▶ [WHAT IS EXPECTED]: Taking the data below, please print only the lines from the line holding "and satinized brass, chrome" to the line holding "Los festejos están", inclusive, with pictures omitted.

DATASET RECORDS Start Marker

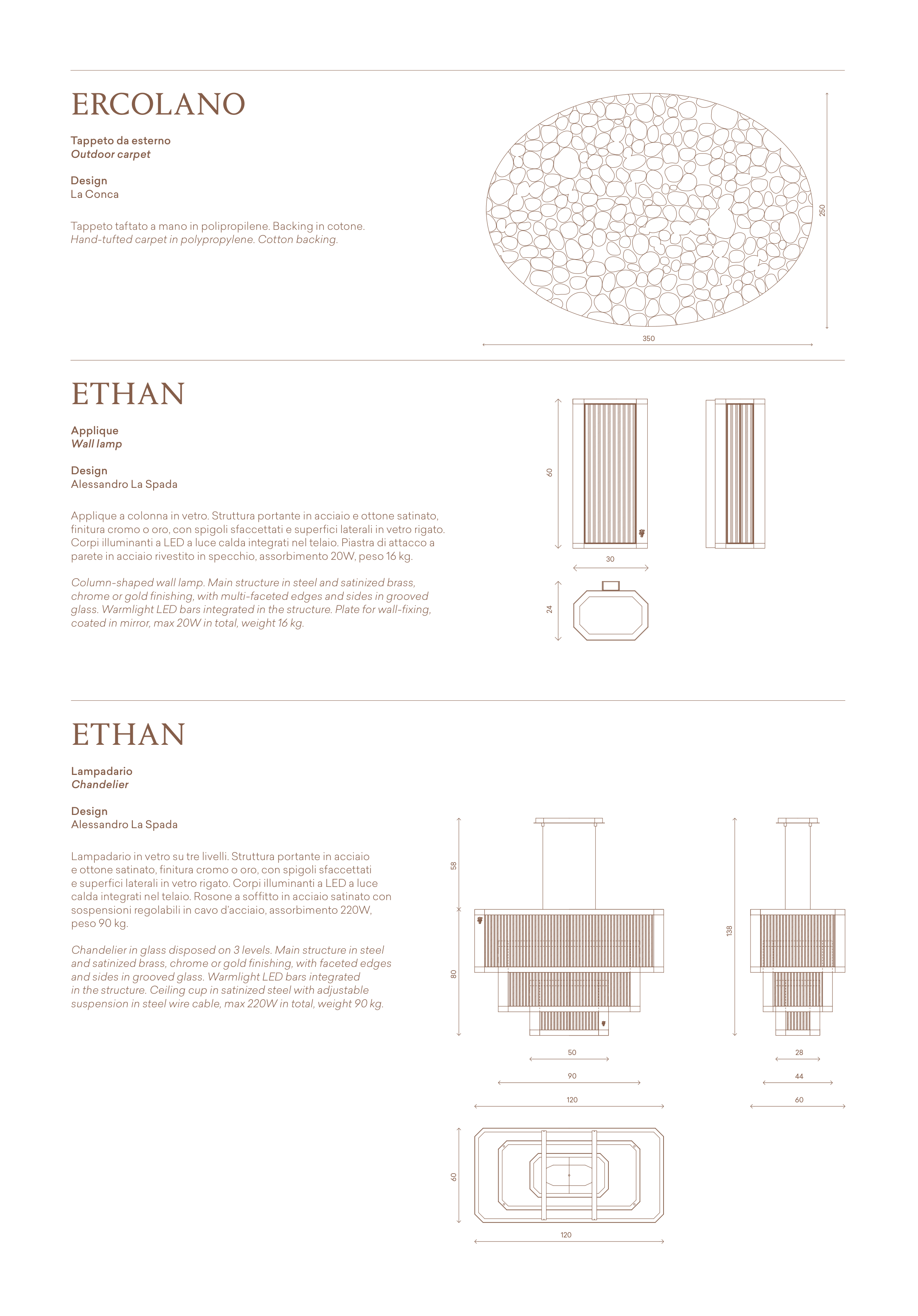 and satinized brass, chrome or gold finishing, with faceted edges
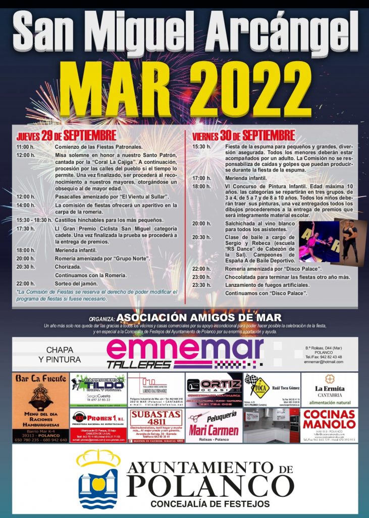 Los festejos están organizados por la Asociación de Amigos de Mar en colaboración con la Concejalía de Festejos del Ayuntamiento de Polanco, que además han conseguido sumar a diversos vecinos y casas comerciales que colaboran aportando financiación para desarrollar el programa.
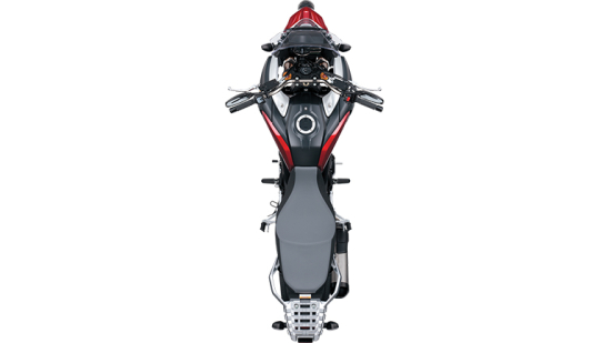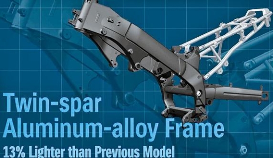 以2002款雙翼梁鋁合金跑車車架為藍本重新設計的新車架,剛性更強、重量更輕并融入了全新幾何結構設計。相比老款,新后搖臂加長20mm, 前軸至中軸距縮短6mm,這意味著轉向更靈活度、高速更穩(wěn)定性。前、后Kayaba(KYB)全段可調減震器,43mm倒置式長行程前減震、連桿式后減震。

DATASET RECORDS End Marker
DATASET RECORDS Start Marker

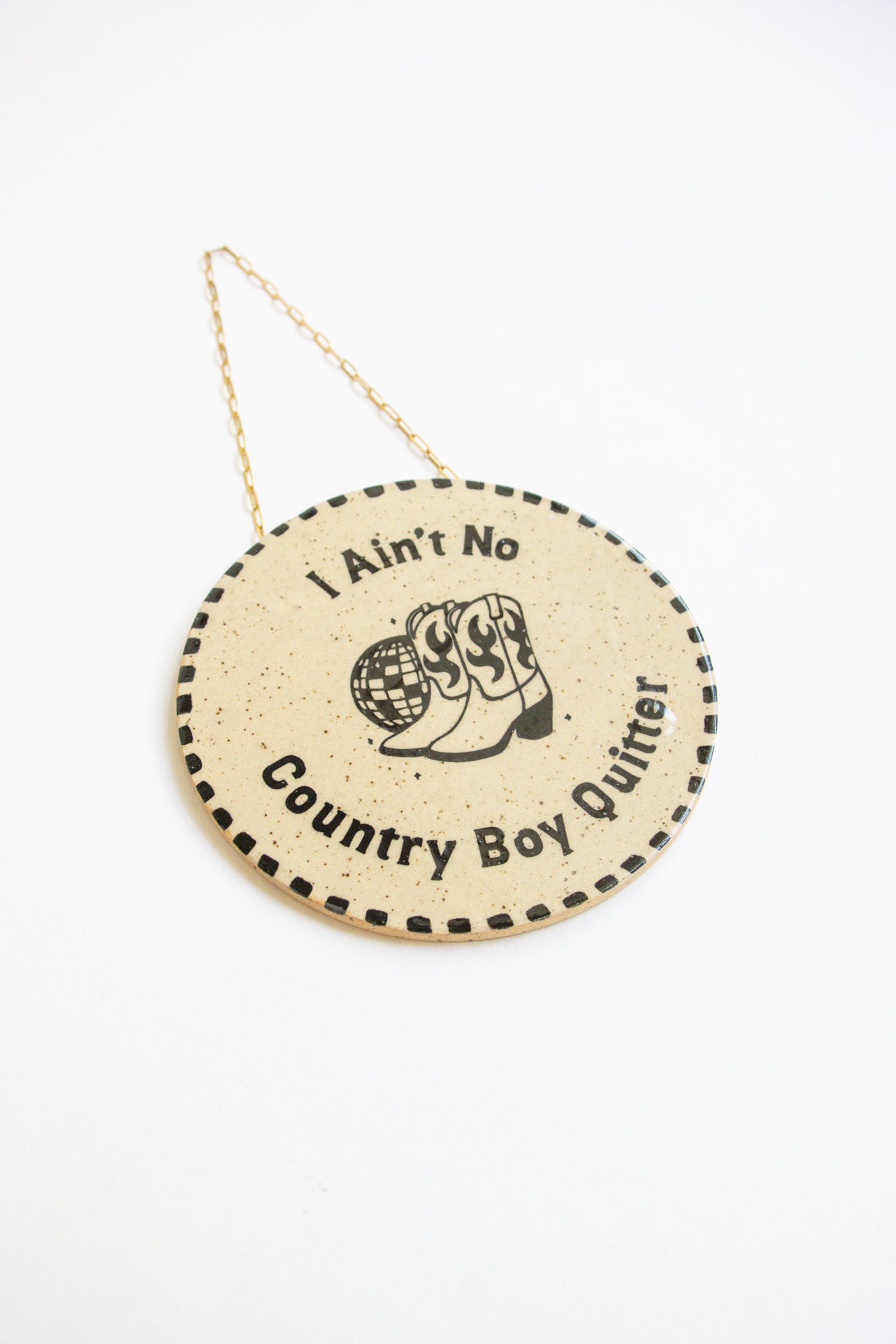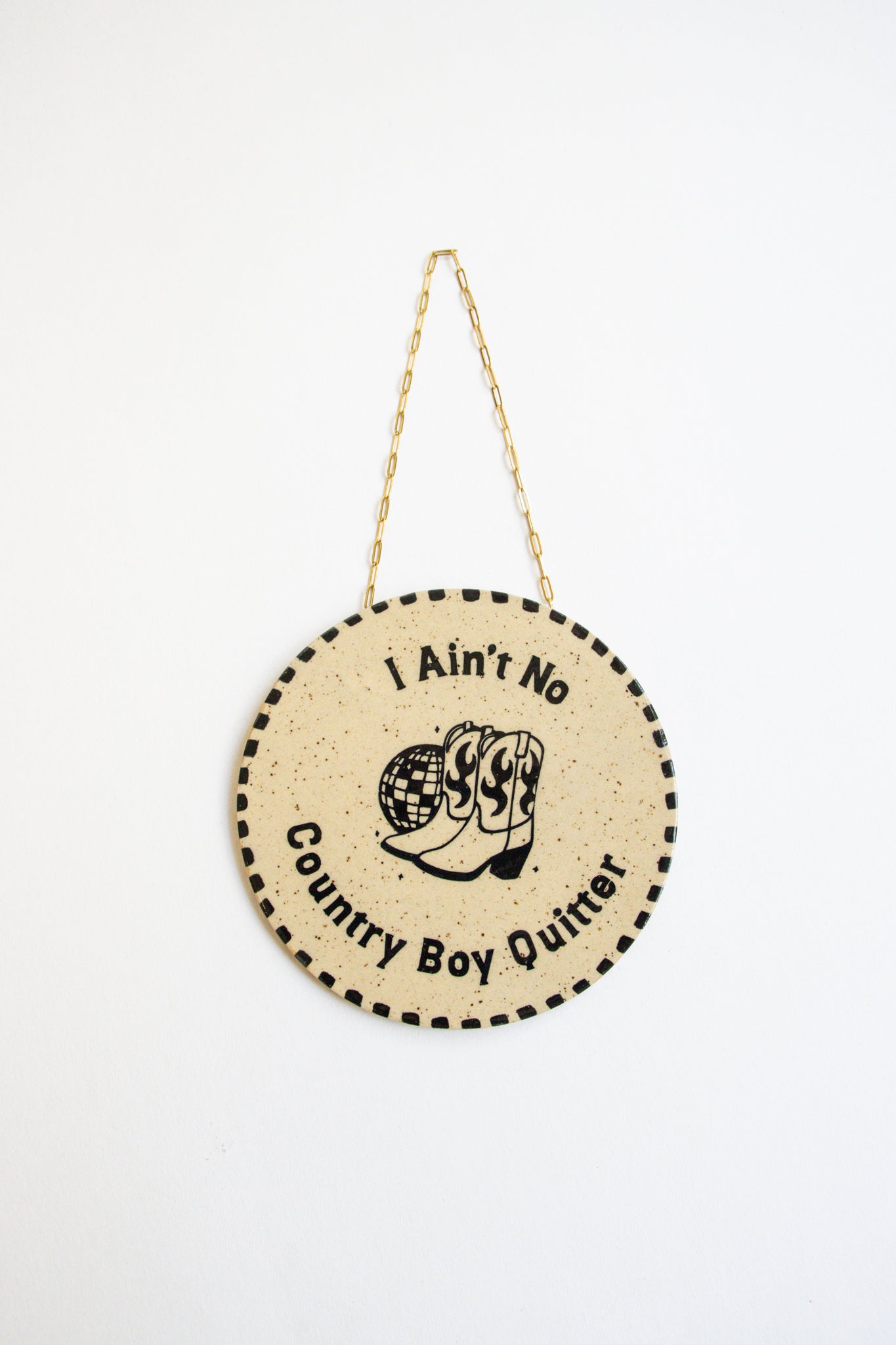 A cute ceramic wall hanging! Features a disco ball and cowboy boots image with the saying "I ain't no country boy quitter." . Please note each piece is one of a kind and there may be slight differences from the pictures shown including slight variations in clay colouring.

DATASET RECORDS End Marker
DATASET RECORDS Start Marker

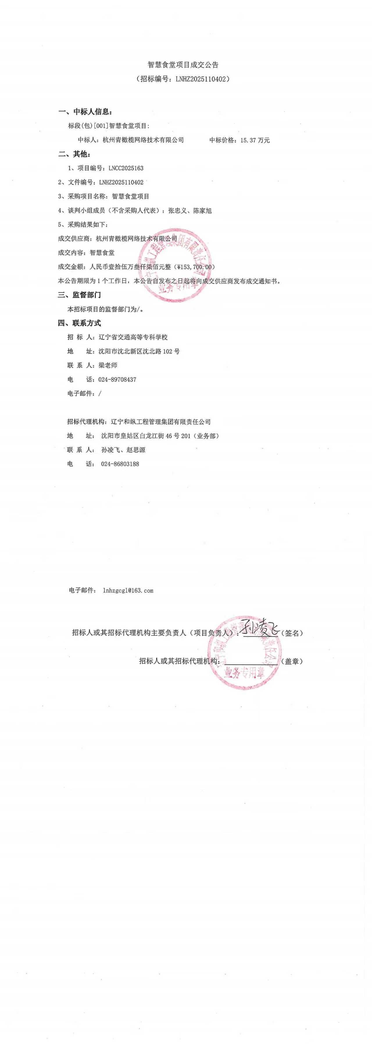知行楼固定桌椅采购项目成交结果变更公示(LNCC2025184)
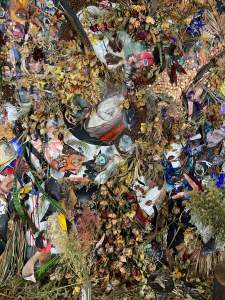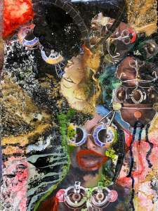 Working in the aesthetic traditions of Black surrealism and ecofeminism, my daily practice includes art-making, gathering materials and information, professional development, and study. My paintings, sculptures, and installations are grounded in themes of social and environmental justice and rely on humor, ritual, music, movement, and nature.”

DATASET RECORDS End Marker

▶ [EXERCISE OUTPUT]:
 and satinized brass, chrome or gold finishing, with faceted edges
 Los festejos están organizados por la Asociación de Amigos de Mar en colaboración con la Concejalía de Festejos del Ayuntamiento de Polanco, que además han conseguido sumar a diversos vecinos y casas comerciales que colaboran aportando financiación para desarrollar el programa.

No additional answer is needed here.